Aim of the task
Retype the data below verbatim; pictures do not belong in the copy.

Dataset content
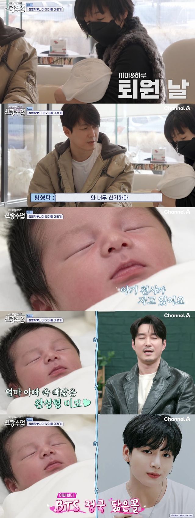 하루를 보던 심형탁은 "너무 신기하다"며 연신 감탄했고, 하루의 얼굴이 공개 되자 패널들은 감탄을 금치 못했다. 신생아임에도 불구하고 이미 완성형 외모에 눈길을 끌었다. 심진화는 "아빠보다 BTS 정국을 더 닮은 거 같다"고 극찬했다.
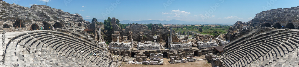 Panoramic photo of Antique stone theatre in the city of Side, Turkey #1800122024
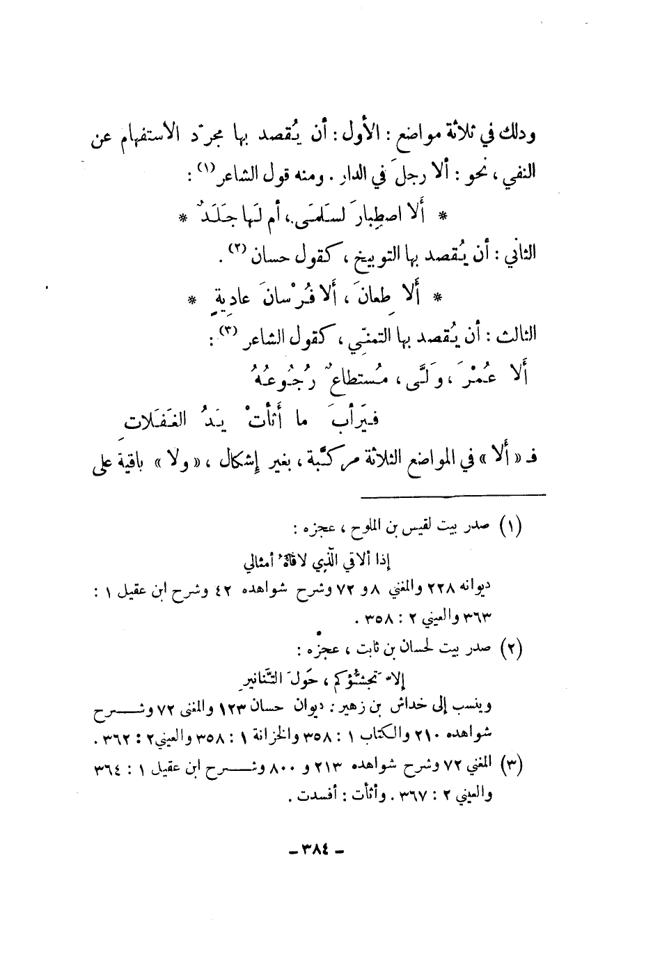 وذلك في ثلاثة مواضع: الأول: أن يقصد بها مجرد الاستفهام عن النفي، نحو: ألا رجل في الدار. ومنه قول الشاعر: ألا اصطبار لسلمى، أم لها جلد الثاني: أن يقصد بها التوبيخ، كقول حسان.
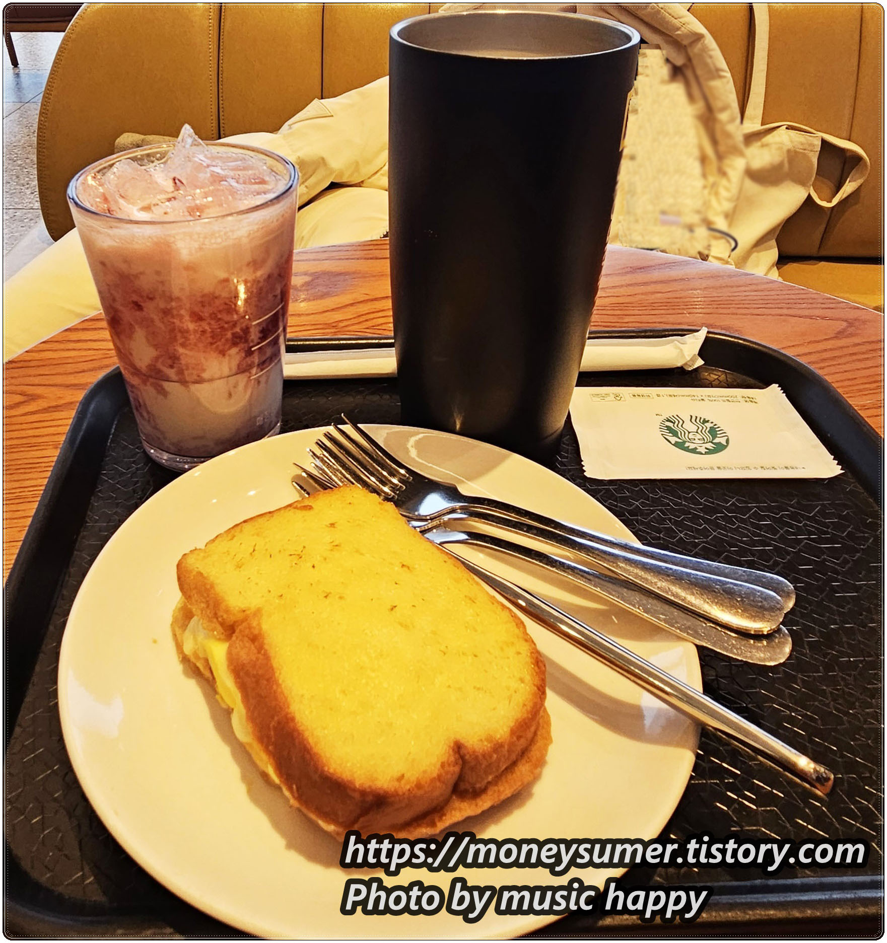 저희가 주문한 메뉴는 아메리카노(텀블러 이용)와 딸기라테, 베이컨 치즈토스트를 주문했어요.

Answer to this problem
 하루를 보던 심형탁은 "너무 신기하다"며 연신 감탄했고, 하루의 얼굴이 공개 되자 패널들은 감탄을 금치 못했다. 신생아임에도 불구하고 이미 완성형 외모에 눈길을 끌었다. 심진화는 "아빠보다 BTS 정국을 더 닮은 거 같다"고 극찬했다.
 Panoramic photo of Antique stone theatre in the city of Side, Turkey #1800122024
 وذلك في ثلاثة مواضع: الأول: أن يقصد بها مجرد الاستفهام عن النفي، نحو: ألا رجل في الدار. ومنه قول الشاعر: ألا اصطبار لسلمى، أم لها جلد الثاني: أن يقصد بها التوبيخ، كقول حسان.
 저희가 주문한 메뉴는 아메리카노(텀블러 이용)와 딸기라테, 베이컨 치즈토스트를 주문했어요.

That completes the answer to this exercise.